- South Africa is the leading country with Internet freedom in Africa in 2024.
- Egypt, Sudan, Ethiopia, and Rwanda have the least internet freedom in Africa, with higher violations of user rights.
Sandwiched between draconian laws and dictatorship, Africa is home to some of the most oppressive regimes in the world—clamping down on human rights through speech and media censorship, crackdown on dissenters, and government critics remains a critical concern in the 21st century.

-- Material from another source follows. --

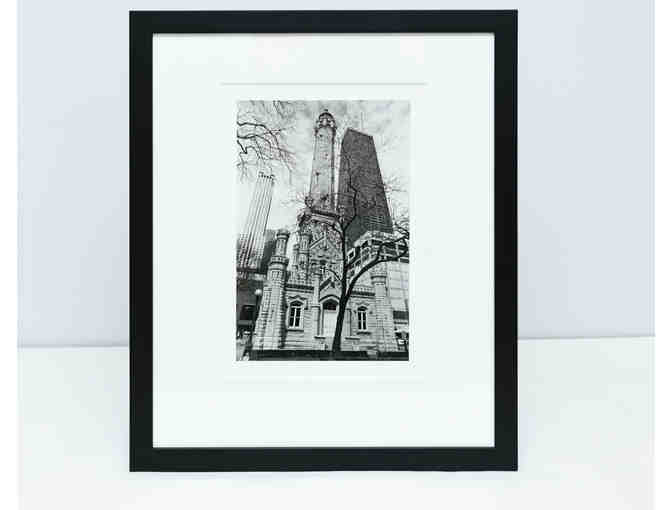 This professional matted, framed, black and white photograph of Chicago's iconic water tower and John Hancock building capture the mood, essence, and beauty of Chicago's downtown vibe on a winter's day.

Living in fear of a regime’s apathy towards restrictive internet accessibility that limits freedom of open communication and criticism is a medieval affair that should be a thing of the past. Some state-owned telecommunication companies are fond of doubling the cost of internet services, thus limiting access to social media spaces, which are deemed digital media platforms.
Freedom House, through its comprehensive assessment and valuation of the annual Freedom on Net report encompassing 72 countries across the world, brings to the limelight the status of internet freedom and accessibility in a selected number of African countries.
Freedom House evaluates the status of each country’s internet usability through a set of modalities that determine violations of user rights, accessibility obstacles, and limits on content, which then aggregates to the total score and status on internet freedom. The outcome determines status, as whether free, partly or not free.
A country with a score above 70 is considered internet-free; 40 to 69 is partly free, while a score below 40 is not free. This makes South Africa the only African country with commendable internet freedom with a score of 74. South Africa scored 19 on obstacles to access and 29 and 26 on both limits on content and violations of user rights, respectively.
Ghana, Kenya, Zambia, and Tunisia are making strides about internet freedom, with both of them scoring above 60. However, a glaring outcome places Egypt, Sudan, Ethiopia, and Rwanda in the spotlight, as all of them show diminished internet freedom and potential user rights. Both of them scored 28, 28, 27, and 36, respectively.